*** Recorded information Section Begins ***

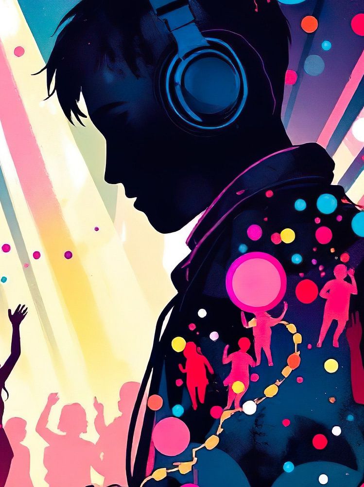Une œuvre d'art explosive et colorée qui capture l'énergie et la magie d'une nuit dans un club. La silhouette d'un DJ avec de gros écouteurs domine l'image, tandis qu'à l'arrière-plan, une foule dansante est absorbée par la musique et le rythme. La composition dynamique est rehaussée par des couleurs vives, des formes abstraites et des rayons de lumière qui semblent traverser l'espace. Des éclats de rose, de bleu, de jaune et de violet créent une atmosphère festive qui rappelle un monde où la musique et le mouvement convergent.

*** Recorded information Section Ends ***
*** Recorded information Section Begins ***

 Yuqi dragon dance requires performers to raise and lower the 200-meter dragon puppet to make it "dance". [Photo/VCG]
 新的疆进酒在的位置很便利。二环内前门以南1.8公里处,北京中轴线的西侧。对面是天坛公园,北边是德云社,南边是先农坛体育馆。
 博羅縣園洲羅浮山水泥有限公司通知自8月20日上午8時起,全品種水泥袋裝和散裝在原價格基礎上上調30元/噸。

*** Recorded information Section Ends ***

Problem details. Using the listing above, copy exactly the line that contains "Yuqi dragon dance", the line that contains "博羅縣園洲羅浮山水泥有限公司", and each line that falls between them.

Response to this task.
 Yuqi dragon dance requires performers to raise and lower the 200-meter dragon puppet to make it "dance". [Photo/VCG]
 新的疆进酒在的位置很便利。二环内前门以南1.8公里处,北京中轴线的西侧。对面是天坛公园,北边是德云社,南边是先农坛体育馆。
 博羅縣園洲羅浮山水泥有限公司通知自8月20日上午8時起,全品種水泥袋裝和散裝在原價格基礎上上調30元/噸。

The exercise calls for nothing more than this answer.